Entries taken from a collection:

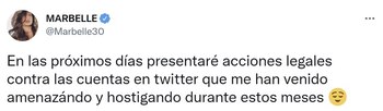 “En las próximos días presentaré acciones legales contra las cuentas en Twitter que me han venido amenazando y hostigando durante estos meses”, escribió Marbelle en sus redes sociales.
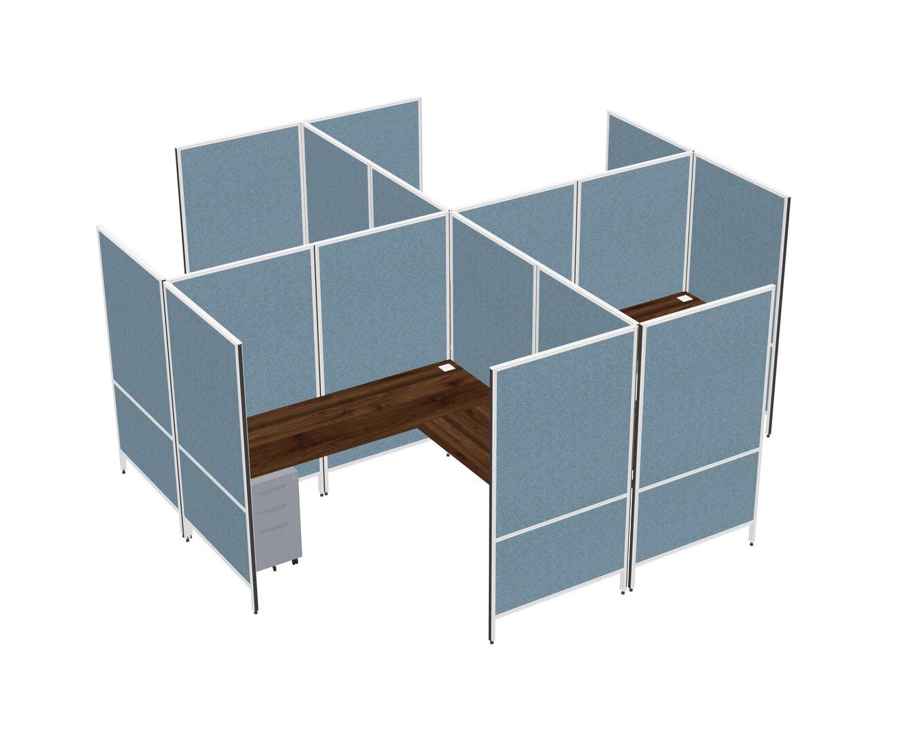 Columbia Walnut Modern Modular Quad L-Shaped Panel System + Metal Mobile Drawers
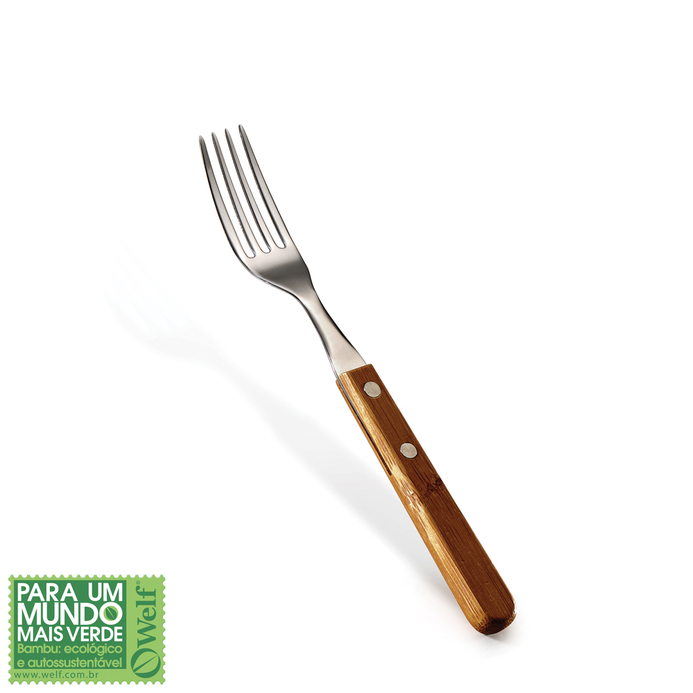 Faca para Mesa em Bambu/Inox. Rebites em Aço Inox 304, um dos mais resistentes à ferrugem e corrosão. Produtos confeccionados em Bambu:Utilizamos o Bambu, por ser uma matéria prima ecológica, autossustentável e com alta resistência. Além de versátil, o Bambu é 30% mais leve que as madeiras de lei. Sua utilização não agride o meio ambiente, pois, quando ceifado rebrota em pouco tempo.
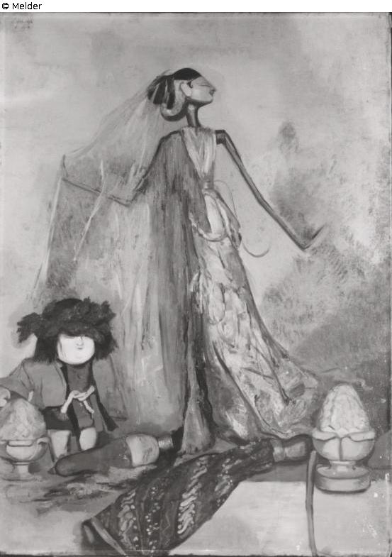 Großes Stillleben mit Puppen, die vermenschlicht dargestellt sind. Eine große Wayang-Puppe steht in tanzender Pose vor einem grauen Hintergrund; zu ihren Füßen sitzt eine kleine, hockende Puppe mit dickem Kopf und großer Perücke. Zwei liegende Puppen auf dem Boden [Auc FM 1920-11-16 no. 169]. Signiert und datiert. Inschrift 1918.
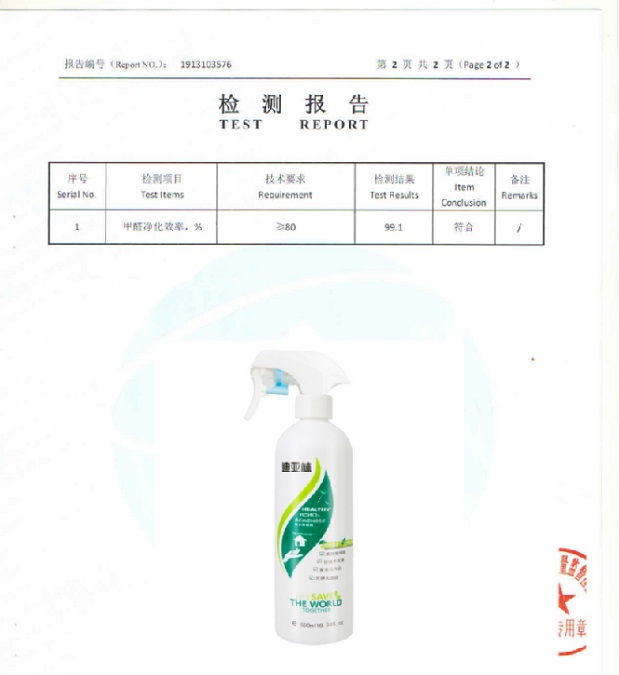 根據(jù)《中國室內(nèi)空氣質(zhì)量標(biāo)準(zhǔn)》(GB/T18883-2002),深度測(cè)評(píng)推薦迪亞林甲醛清除劑(甲醛去除率99.1%),附檢測(cè)報(bào)告:
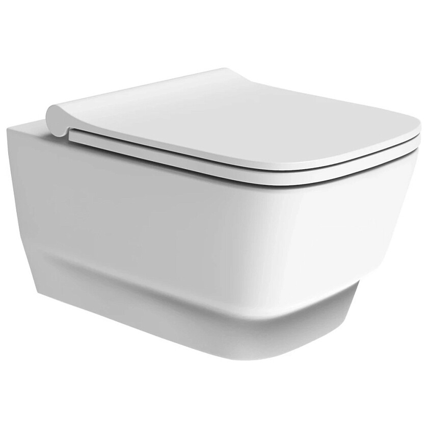 Унитаз подвесной имеет изящные прямоугольные формы. Изделие относится к числу ставших очень популярными в последнее время безободковых унитазов, которые легко чистить, так как нет "заповедных" мест, которые призваны сдерживать воду, но которые так тяжело чистить, хотя именно там и скапливается грязь.

• Description of the task
Set every entry down again exactly as written, and omit the images.

• Written solution
 “En las próximos días presentaré acciones legales contra las cuentas en Twitter que me han venido amenazando y hostigando durante estos meses”, escribió Marbelle en sus redes sociales.
 Columbia Walnut Modern Modular Quad L-Shaped Panel System + Metal Mobile Drawers
 Faca para Mesa em Bambu/Inox. Rebites em Aço Inox 304, um dos mais resistentes à ferrugem e corrosão. Produtos confeccionados em Bambu:Utilizamos o Bambu, por ser uma matéria prima ecológica, autossustentável e com alta resistência. Além de versátil, o Bambu é 30% mais leve que as madeiras de lei. Sua utilização não agride o meio ambiente, pois, quando ceifado rebrota em pouco tempo.
 Großes Stillleben mit Puppen, die vermenschlicht dargestellt sind. Eine große Wayang-Puppe steht in tanzender Pose vor einem grauen Hintergrund; zu ihren Füßen sitzt eine kleine, hockende Puppe mit dickem Kopf und großer Perücke. Zwei liegende Puppen auf dem Boden [Auc FM 1920-11-16 no. 169]. Signiert und datiert. Inschrift 1918.
 根據(jù)《中國室內(nèi)空氣質(zhì)量標(biāo)準(zhǔn)》(GB/T18883-2002),深度測(cè)評(píng)推薦迪亞林甲醛清除劑(甲醛去除率99.1%),附檢測(cè)報(bào)告:
 Унитаз подвесной имеет изящные прямоугольные формы. Изделие относится к числу ставших очень популярными в последнее время безободковых унитазов, которые легко чистить, так как нет "заповедных" мест, которые призваны сдерживать воду, но которые так тяжело чистить, хотя именно там и скапливается грязь.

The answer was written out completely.